▶ What to work on
Below this line is a set of entries; quote exactly the lines from the line that contains "从3月8号开始,农场就开始安" to the line that contains "dout = layer.backward(dout)", both lines included.

▶ Records provided
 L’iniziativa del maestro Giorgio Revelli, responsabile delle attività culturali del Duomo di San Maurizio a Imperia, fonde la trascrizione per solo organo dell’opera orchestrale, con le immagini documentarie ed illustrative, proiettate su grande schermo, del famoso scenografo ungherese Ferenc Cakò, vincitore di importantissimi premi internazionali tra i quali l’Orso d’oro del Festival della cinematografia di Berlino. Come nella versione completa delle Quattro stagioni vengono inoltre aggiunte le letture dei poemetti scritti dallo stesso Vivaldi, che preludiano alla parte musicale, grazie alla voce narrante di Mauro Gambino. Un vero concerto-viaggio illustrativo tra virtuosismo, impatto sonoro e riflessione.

---

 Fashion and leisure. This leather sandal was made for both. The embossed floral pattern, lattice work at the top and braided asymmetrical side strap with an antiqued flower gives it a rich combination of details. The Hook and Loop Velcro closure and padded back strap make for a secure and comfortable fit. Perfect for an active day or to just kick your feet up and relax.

* * *

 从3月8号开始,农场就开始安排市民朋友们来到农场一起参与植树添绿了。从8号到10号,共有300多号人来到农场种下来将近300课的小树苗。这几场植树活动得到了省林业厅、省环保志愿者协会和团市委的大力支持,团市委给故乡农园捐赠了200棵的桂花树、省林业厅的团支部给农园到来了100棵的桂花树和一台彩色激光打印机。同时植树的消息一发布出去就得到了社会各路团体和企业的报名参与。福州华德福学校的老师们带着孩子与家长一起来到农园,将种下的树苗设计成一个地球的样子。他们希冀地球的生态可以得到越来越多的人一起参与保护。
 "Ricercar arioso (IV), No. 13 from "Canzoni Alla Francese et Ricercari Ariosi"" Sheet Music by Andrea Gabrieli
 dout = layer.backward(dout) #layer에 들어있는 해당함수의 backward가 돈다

▶ Task solution
 从3月8号开始,农场就开始安排市民朋友们来到农场一起参与植树添绿了。从8号到10号,共有300多号人来到农场种下来将近300课的小树苗。这几场植树活动得到了省林业厅、省环保志愿者协会和团市委的大力支持,团市委给故乡农园捐赠了200棵的桂花树、省林业厅的团支部给农园到来了100棵的桂花树和一台彩色激光打印机。同时植树的消息一发布出去就得到了社会各路团体和企业的报名参与。福州华德福学校的老师们带着孩子与家长一起来到农园,将种下的树苗设计成一个地球的样子。他们希冀地球的生态可以得到越来越多的人一起参与保护。
 "Ricercar arioso (IV), No. 13 from "Canzoni Alla Francese et Ricercari Ariosi"" Sheet Music by Andrea Gabrieli
 dout = layer.backward(dout) #layer에 들어있는 해당함수의 backward가 돈다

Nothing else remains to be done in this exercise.